Wednesday, September 01, 2004

Anchorman

Will Ferrell has been knocking around for a few years now, but remains practically unknown in the UK while being a relatively big name in the States. This is thanks to the phenomenon that is Saturday Night Live – the breeding ground of the likes of Dan Ackroyd, Bill Murray, Chevy Chase, Eddie Murphy, Billy Crystal, Mike Myers and Chris Rock. That one TV show has, in the 29 years it has been running, produced more A-list comedians than anywhere else ever. Securing a place as a regular on the show pretty much guarantees a high enough profile to get at least a few film roles, and Ferrell has been making the most of it.

After his last big outing, last year’s halfway decent festive comedy Elf, Ferrell may be a tad more familiar to UK audiences, but he has yet to prove himself in the transition from small to big screen. Until now, that is. After a series of minor films, and bit parts in bigger movies like Starsky and Hutch and Zoolander, Ferrell, who also co-scripted, has hit on a winner. This could easily do for him what Wayne’s World did for Mike Myers or 48 Hours for Eddie Murphy, and turn him from TV to movie star.

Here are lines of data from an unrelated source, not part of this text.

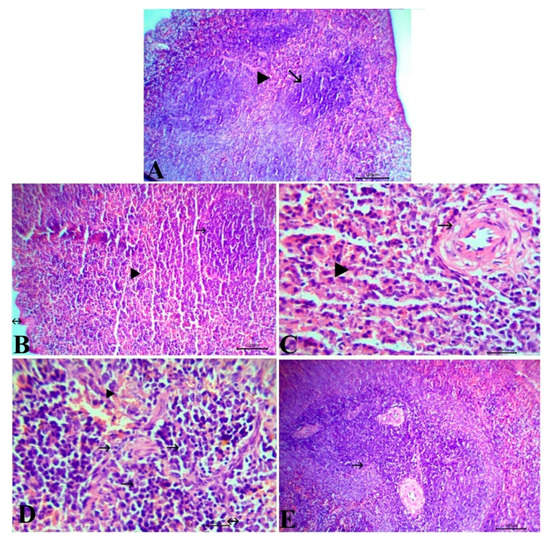 The control and S. lappa-treated groups revealed normal splenic tissue, including fibrous capsules from which trabeculae enter into the parenchyma-containing central arterioles in the center of white pulp surrounded with red pulp (Figure 6A,B). On the other hand, TA-injected rats showed thickening, vacuolation, and endotheliosis in the wall of the center arterioles. In addition, necrosis and depletion of lymphocytes inside the white pulp and reduction of the size of the lymphoid follicles in addition to congestion of the red pulp were observed (Figure 6C). The co-treated group exhibited mild hyperplasia of lymphocytes inside white pulp and a few infiltrations of mononuclear cells with congestion of the red pulp (Figure 6D). The rats that received S. lappa as protection in the prophylactic group showed hyperplasia of lymphocytes inside the white pulp (Figure 6E). All the detected lesions in the lung and spleen tissues of all experimental groups were scored and are displayed in Table 4.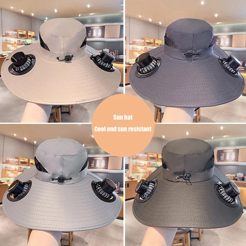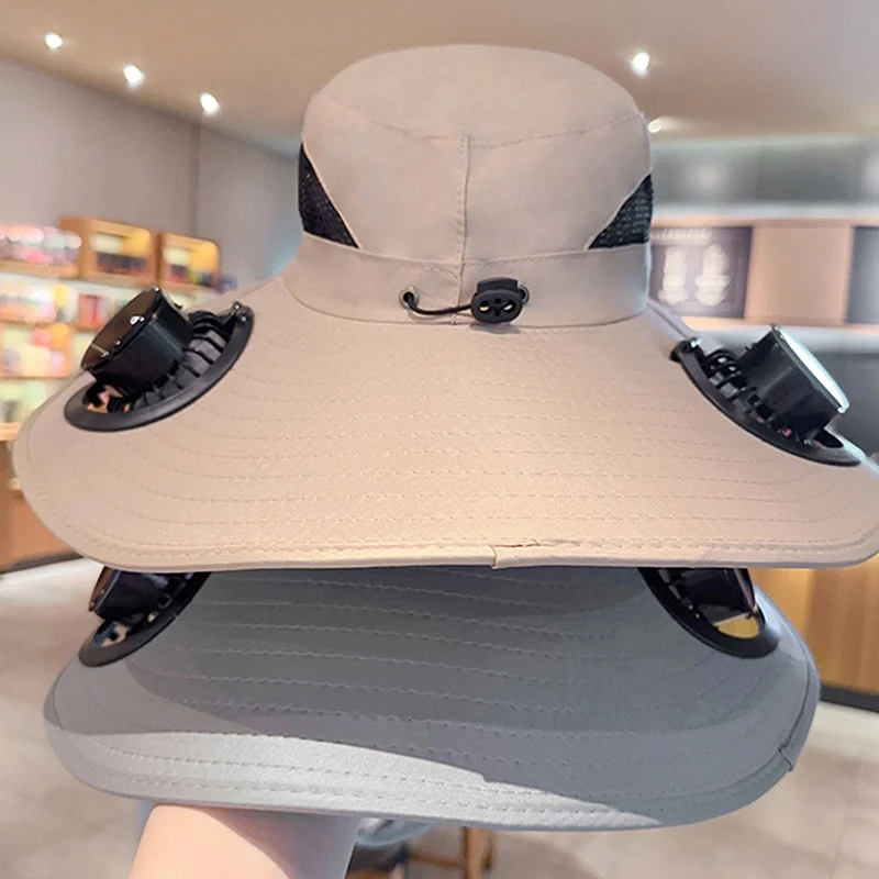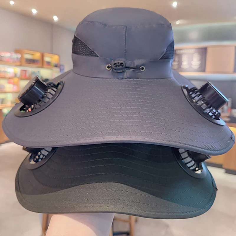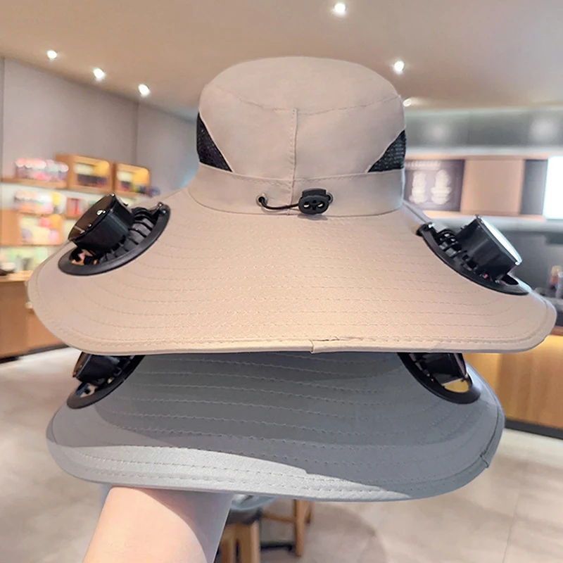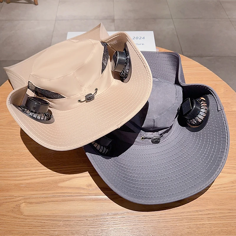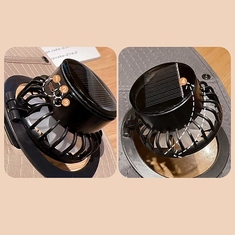 Solar Fan Outdoor Hat: This upgraded fan hat is designed to be worn on the head, freeing your hands. There are 2 mini fans built into the front of the brim to cool your face. You can hang the fan on your head and carry it around without getting tired or uncomfortable.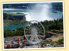 雄大な滝を上空から楽しむ方法も様々です。たとえば滝のすぐ近くに立つ「スカイロンタワー」では、地上158mの展望台からふたつの滝を眺められるほか、回転レストランで周囲360度の眺望とともに食事を楽しむことができます。また滝の上空の遊覧飛行ができる「ナイアガラ・ヘリコプター」、さらに最近登場した観覧車「スカイホイール」では、滝の上空53mまで上昇して、ゆっくりと滝を眺めることができます。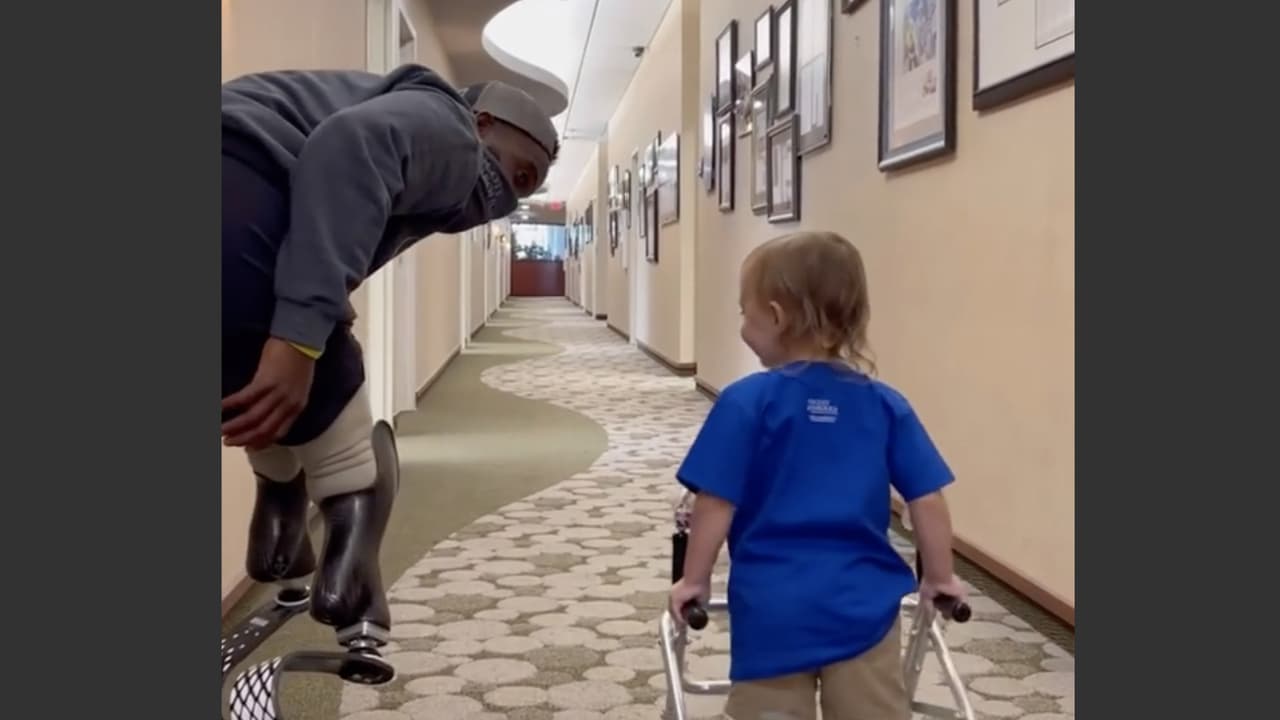 Así anima a caminar un atleta paralímpico a un niño que perdió una pierna en un accidente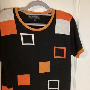 La Madona Women's Short Sleeve Pullover Sweater Top Size L Color Block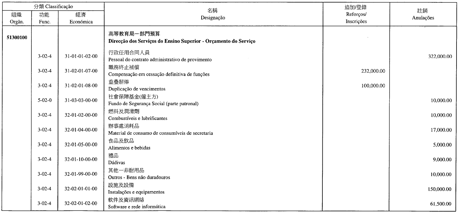 根據第12/2015號法律第四條第二款、第三款及第六條第一款的規定,本局下列人員的行政任用合同獲續期,職級、職階、日期及續約年期如下: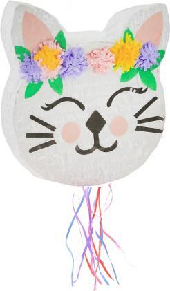 Πινιάτα σε σχήμα κεφαλιού γάτας, με χρώμα λουλουδιών: λευκές διαστάσεις: 33x35x7,5 εκ. Η πινιάτα είναι άδεια εσωτερικά - για αυτογεμισμό Η πινιάτα μπορεί να γεμιστεί με καραμέλες ή παιχνίδια που ζυγίζουν όχι περισσότερο από 1 κιλό.{Type} Piñatas

In this exaggerated 1970s period comedy Ferrell is the eponymous television news anchorman Ron Burgundy, a brash, misogynistic braggart who sees himself as the star of “an age when only men were allowed to read the news”. His self-confident sexism is swiftly challenged by the arrival of a sultry new female reporter, played by that other former US TV star Christina Applegate, as the new feminism of the seventies begins to impact on the high pressure world of the news.

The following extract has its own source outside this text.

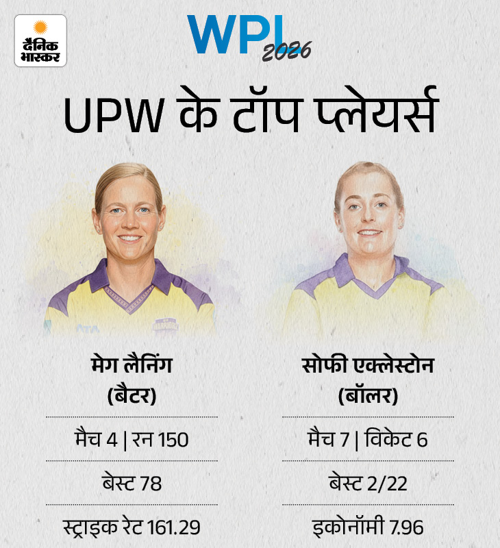 एक्लेस्टोन ने सबसे ज्यादा विकेट लिए WPL-2026 में यूपी वॉरियर्स के लिए मेग लैनिंग ने बल्लेबाजी का जिम्मा संभालते हुए शानदार निरंतरता दिखाई है। उन्होंने 7 मैचों में 248 रन बनाए हैं। गेंदबाजी में सोफी एक्लेस्टोन 7 मुकाबलों में 6 विकेट अपने नाम किए, जिसमें उनका बेस्ट प्रदर्शन 2/22 का रहा।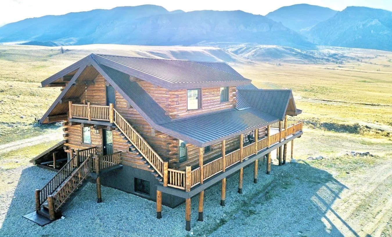 This luxury mountain log home is tucked against the breathtaking Beartooth Mountains and sits on 20 private acres with direct National Forest access and bordering BLM land. Built with quality and care, this custom log home is what Montana dreams are made of. Well suited for a recreational getaway, hunting property, corporate retreat, or full-time mountain home living. This beautiful log home features 4 bedrooms, 2.5 bathrooms, and 2,647 square feet across three levels. The lodge-style layout includes a vaulted great room with expansive windows, mountain views, and a floor-to-ceiling stone fireplace. A custom-built kitchen flows into the dining area, making it easy to gather and entertain. High-end finishes include granite countertops, hammered copper sinks, sliding barn doors, and tile flooring throughout. Step outside onto the oversized deck facing the mountains that will stop you in your tracks, every single time. This off-grid luxury home is powered by well-designed solar generator, and battery systems that operate seamlessly for everyday living. An attached two-car garage offers room for vehicles, side-by-sides, snow machines, and gear. Located about an hour from Yellowstone National Park, Billings, MT, and Cody, WY, this Montana luxury property provides access to dining, rodeos, festivals, skiing, and year-round outdoor

It is a basic premise, and hardly an original one, but is Burgundy so wonderfully stupid and lecherous, and the set-pieces so well conceived, that it is very hard not to get caught up in the inanity of the plot and characters. Add in some cameos by Ferrell’s big name buddies Jack Black, Ben Stiller, Vince Vaughn, Owen Wilson and Tim Robbins, and you have all the ingredients for a highly enjoyable, if utterly inconsequential comedy.

This is hardly biting social satire, but it has no wish to be. The aim is simple – make fun of male chauvinists and 1970s fashion disasters. The targets are easy ones, and all are pretty much hit dead on the bullseye. Every now and again, that’s all anyone wants from a movie. Nothing challenging, nothing too clever, just stupid laughs. It’s the Laurel and Hardy approach to film comedy – a bit of slapstick, a bit of wordplay, and a number of elaborate set-ups for a series of inevitable and often predictable (but no less funny for it) punchlines.

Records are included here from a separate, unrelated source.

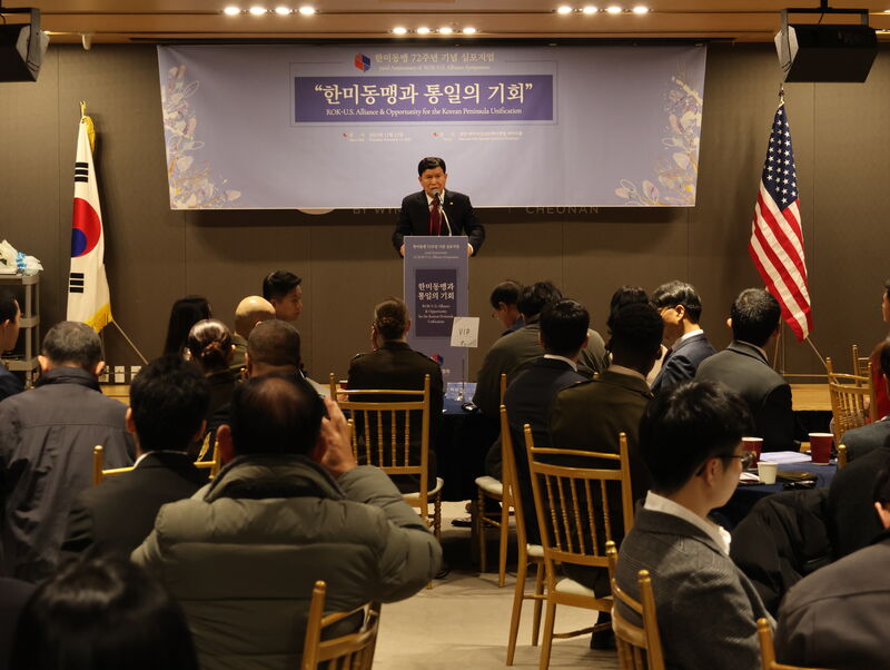 이날 심포지엄의 핵심 의제는 "한미동맹과 통일의 기회"였다. 하이라이트는 유원대학교 박성기 교수의 주제 발표였다. 박 교수는 강단에 서서, 72년을 이어온 양국 간의 신뢰가 단순히 전쟁 억지력을 넘어 한반도 통일의 결정적 기회를 제공하는 토대임을 역설했다.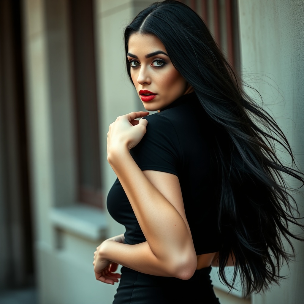 A striking goth woman with long, flowing black hair poses elegantly, wearing a stylish black top paired with a sleek black micro skirt. Captured using a Fujifilm X-T4 with a Sony FE 85mm lens, the image showcases a mood of dark allure with a vibrant, high-resolution finish. Her piercing gaze adds intensity to the composition, set against a softly blurred background that enhances the focus on her captivating presence and distinct fashion sense. The overall aesthetic maintains a balance between edgy gothic elements and refined elegance.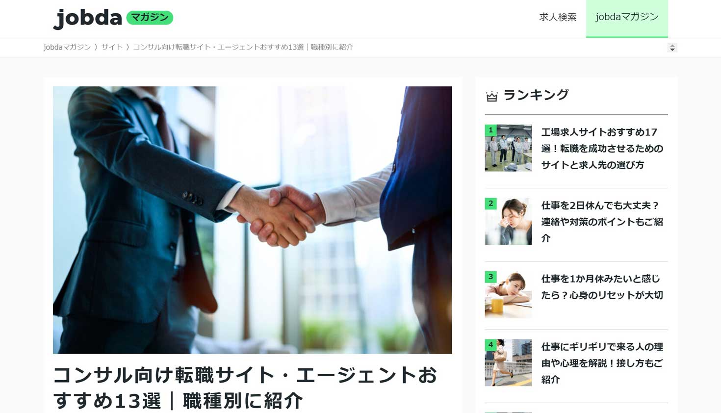 ジョブダ株式会社が運営する、転職や就職に役立つ情報を発信する情報サービス『jobdaマガジン』にて、コンサル業界、中でも戦略系コンサルティングファームに強い転職エージェントとして、弊社が紹介されました。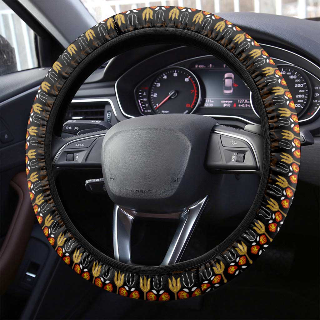 African Dashiki and Polynesian Pattern Steering Wheel Cover Gold
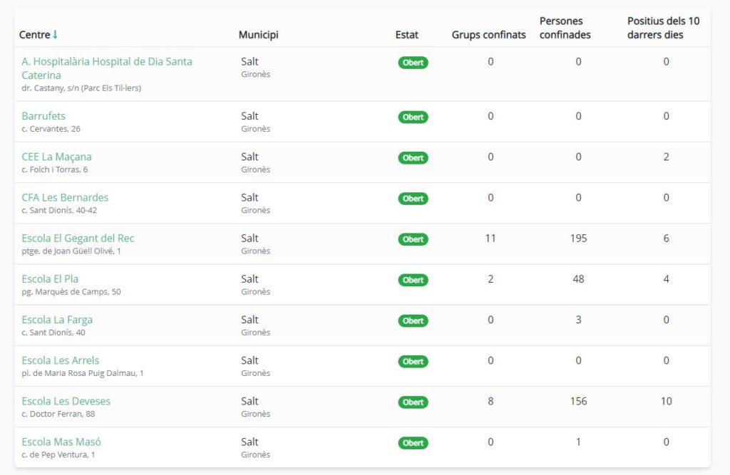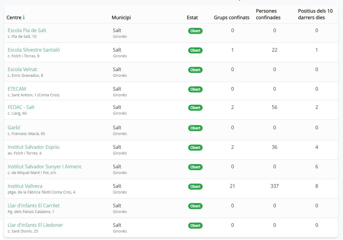 Segons les Dades del Gencat a Salt tenim 1.661 casos positius i 7.506 casos sospitosos per contacte estret amb positius.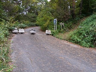 | 樹脂製のベンチが並ぶ喫煙所 | 林道出合 | 七尋岩とチェーンソウアート |

It is about time Ferrell made it to the big league, if only because he’s been trying so hard for so long. Whether he has what it takes to make the leap from moderate success to stardom along the lines of the Ben Stillers, Mike Myers and Adam Sandlers of this world has yet to be seen, but this is certainly a promising step along that path. If you fancy a couple of hours of giggling to yourself, Anchorman could well be the one for you.